🤖 AI Summary
Existing 3D vision-based motion policies rely heavily on large-scale real-world demonstrations, and conventional data augmentation struggles to generate diverse combinations of scenes, skills, and objects, limiting generalization in complex, long-horizon tasks. This work proposes Task-Edit, a novel framework that, for the first time, adopts a task-centric perspective by decoupling tasks into three core elements—scene, skill, and object—and enables flexible recombination to synthesize diverse demonstration trajectories.
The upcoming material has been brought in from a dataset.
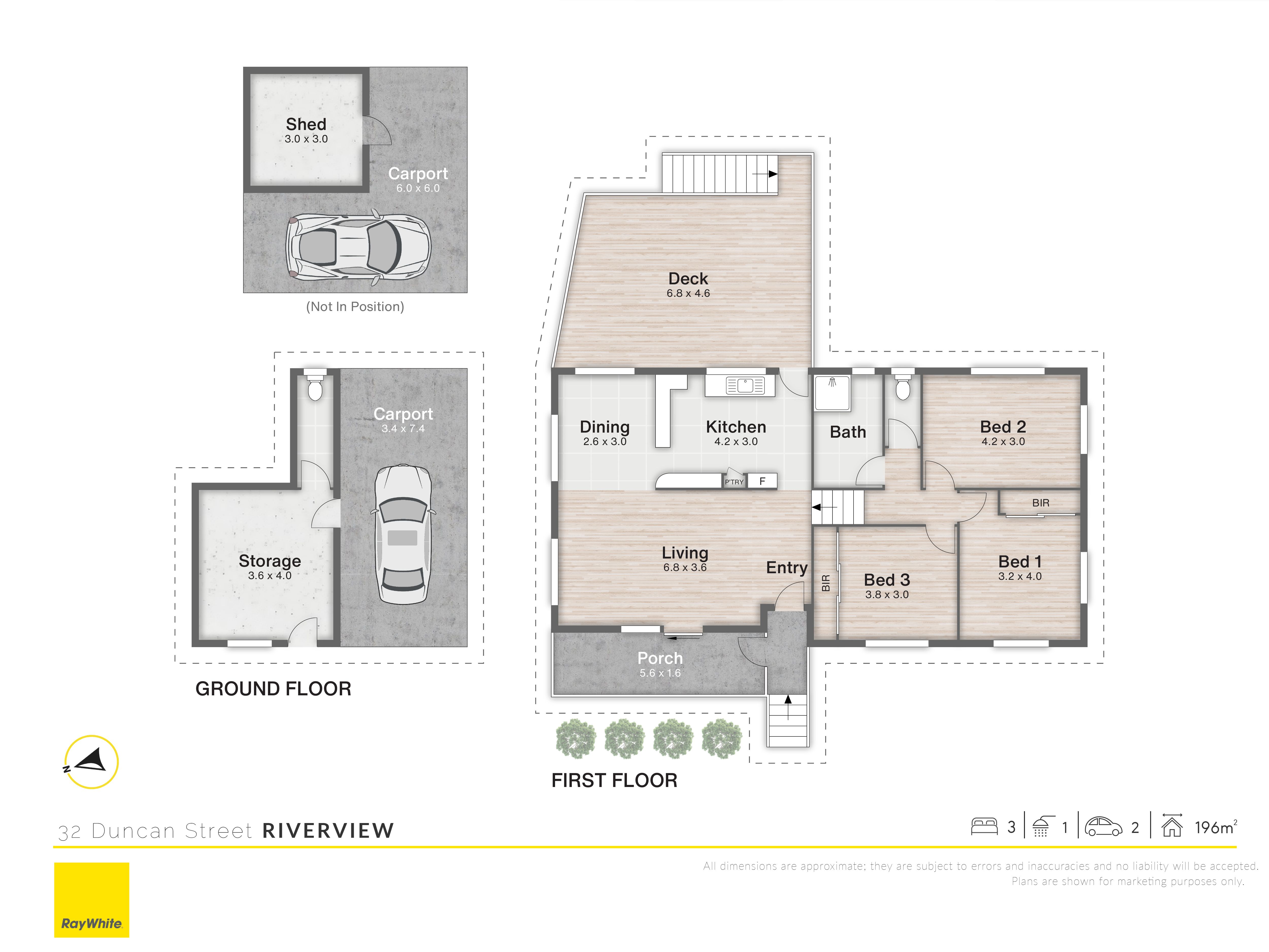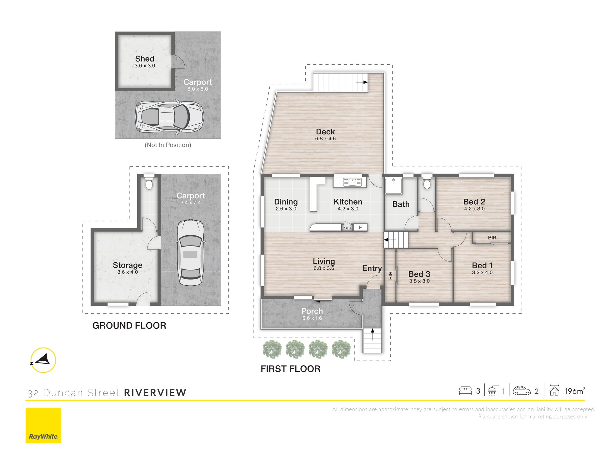 • 3 bedrooms, 1 bathroom, 2 car spaces.

By moving beyond object-centric transformations, Task-Edit leverages depth images and point cloud inputs to support end-to-end training across multiple robotic platforms. Experiments demonstrate that Task-Edit significantly improves policy performance and cross-scenario generalization in challenging, hard-to-collect settings involving perturbations, obstacle avoidance, and high clutter.
📝 Abstract
3D visuomotor policies offer a promising direction for complex robotic manipulation, as depth maps and point clouds provide rich geometric information for spatial reasoning. However, their success often depends on large-scale real-world demonstrations, which are costly and time-consuming to collect. To this end, existing methods commonly use demonstration generation strategies to improve data efficiency by applying object-centric transformations to human-collected demonstrations, such as varying object poses or scales. While effective for local variation, these transformations largely preserve the original scene structure and skill sequence, limiting their ability to synthesize diverse scene-skill-object combinations for complex tasks. In this paper, we propose Task-Edit, a novel demonstration generation framework that generates diverse trajectories from a task-centric editing perspective. The key insight of Task-Edit is to decompose a task into scene, skill and object components, and flexibly recombine them. In this way, Task-Edit enables scalable demonstration generation and significantly improves generalization for long-horizon manipulation tasks. We evaluate Task-Edit through extensive real-world experiments and demonstrate three advantages: (1) Effectiveness: Task-Edit significantly improves 3D visuomotor policies across various real-world tasks and robot embodiments. (2) Generalizability: Task-Edit improves model generalization across different scenario setups. (3) Applicability: Task-Edit enables models to handle scenarios that are difficult to collect in the real world, including disturbance resistance, obstacle avoidance and unseen cluttered scenes.